Steuerfachleute schlagen Alarm - Verfassungswidrige Nachzahlungszinsen?

Viele von uns kennen das: Aus unterschiedlichen Gründen wird ein Steuerbescheid vom Finanzamt geändert. Interessanterweise führt dies in den meisten Fällen zu einer Steuernachzahlung. Damit allerdings nicht genug. Wenn seit Ende des zu ändernden Jahres mehr als 15 Monate vergangen sind, erhebt das Finanzamt auf die Steuerschuld zusätzlich noch Nachzahlungszinsen von 0,5 Prozent pro Monat, das sind 6 Prozent pro Jahr. So ist es in der Abgabenordnung geregelt.
Bereits seit geraumer Zeit werfen Steuerfachleute der Finanzverwaltung und dem Bundesfinanzministerium vor, dass die seit 1961 unverändert geltende Höhe dieser Nachzahlungszinsen mit den Marktzinsen für Geldanlagen von knapp 0 Prozent nicht mehr übereinstimmt. Passend dazu steht in der damaligen Gesetzesbegründung, dass durch diese Zinsen des Finanzamts der Zinsvorteil des Steuerbürgers, der durch die spätere Zahlung entsteht, abgeschöpft werden soll. Heute gibt es diesen Zinsvorteil nicht mehr.
Verfassungswidrig
Gegen diese Ungleichbehandlung haben Steuerbürger immer wieder bis vor das oberste Finanzgericht, den Bundesfinanzhof, geklagt. Diese Klagen wurden bisher regelmäßig abgewiesen.
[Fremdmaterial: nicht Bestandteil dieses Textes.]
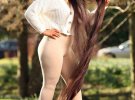"Я рідко виходжу на вулицю з розпущеним волоссям, бо воно волочиться по землі, навіть коли я на високих підборах. Про ескалатори я вже мовчу", - прокоментувала жінка.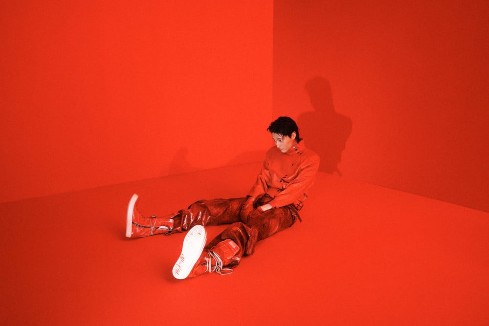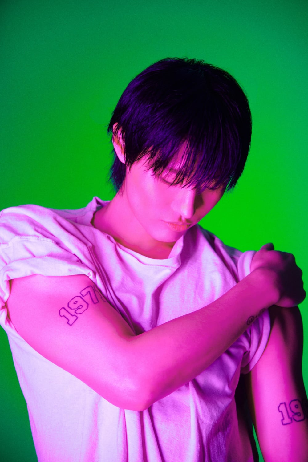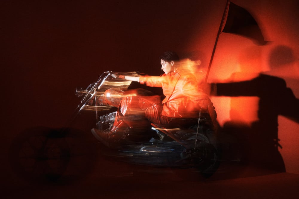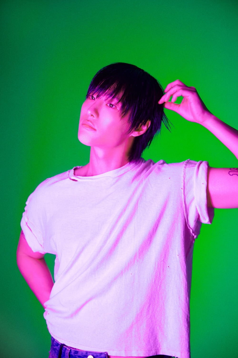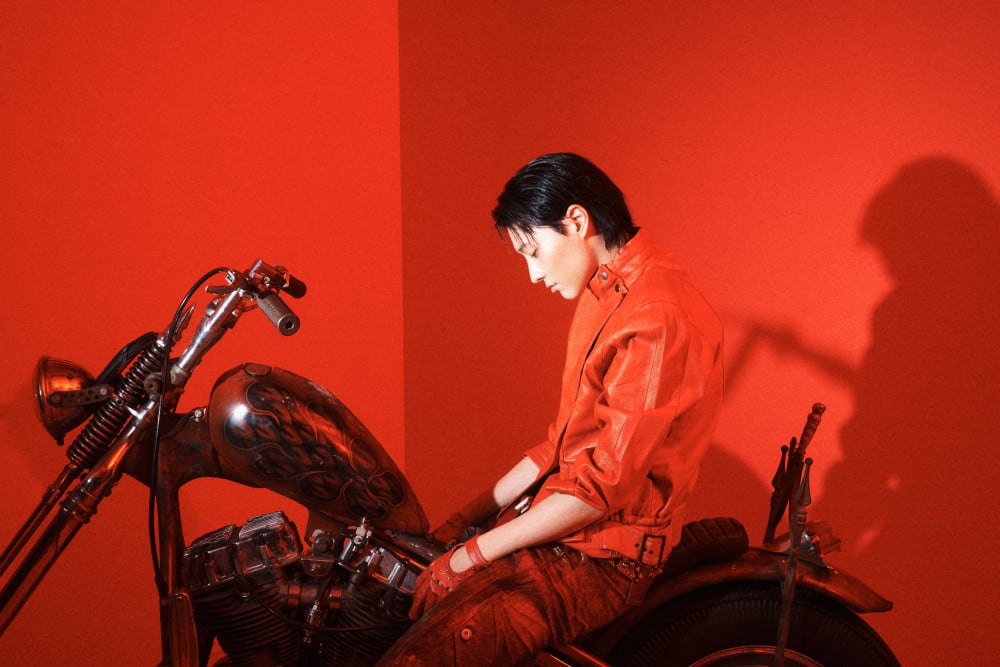 In these images, WOODZ exudes chic and charismatic sides that match the bold contrast of the neon lights.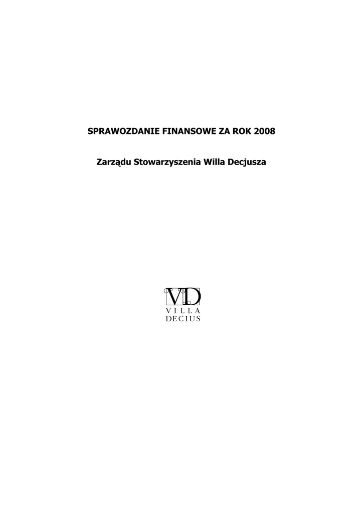 Sprawozdanie finansowe 2008 - Stowarzyszenie Willa Decjusza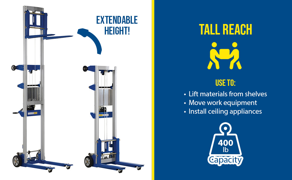 A-LIFT-S-HP A-LIFT-S-HPAluminum/Steel Adjustable Straddle Manual Hand Winch Lift Trucks 400 Lb. Capacity Silver/BlueUniform Capacity (lb.): 400

Doch damit ist jetzt Schluss! In mehreren Urteilen hat der Bundesfinanzhof 2018 festgestellt, dass die Höhe der Nachzahlungszinsen aus seiner Sicht nicht mehr verfassungsgemäß sei, und hat diese Frage deshalb dem Bundesverfassungsgericht zur Entscheidung vorgelegt. Das Verfassungsgericht wiederum hat u.a. das Institut der Wirtschaftsprüfer um eine Stellungnahme gebeten. Diese im Oktober 2018 veröffentlichte Stellungnahme bestätigt die Verfassungswidrigkeit und verweist als Begründung auf das in Deutschland bestehende, nachhaltig verfestigte Marktzinsniveau von unter 3 Prozent.
Rückwirkende Aussetzung
Soweit ein Antrag durch den Steuerbürger oder seinen steuerlichen Berater gestellt wird, gewährt die Finanzverwaltung, aufgrund eines aktuellen Urteils des Bundesgerichtshofs jetzt sogar rückwirkend die Aussetzung der Vollziehung für Nachzahlungszinsen, die ab dem 1. Januar 2012 entstanden sind.
Bei dieser Problematik geht es für den Fiskus um sehr viel Geld. In den letzten Jahren lagen die jährlichen Zinseinnahmen bei über 2 Mrd. Euro.
Auf den Punkt gebracht, hat das Verfassungsgericht nun die Frage zu beantworten, ob die Höhe der Steuerzinsen an den Marktzinsen für Geldanlagen oder an denen für (kurzfristige) Darlehen zu messen ist. „Dass meine Berufskollegen und ich gegen Nachzahlungszinsen derzeit fleißig Einsprüche einlegen, versteht sich von selbst“, meint Steuerberater Thomas Feld.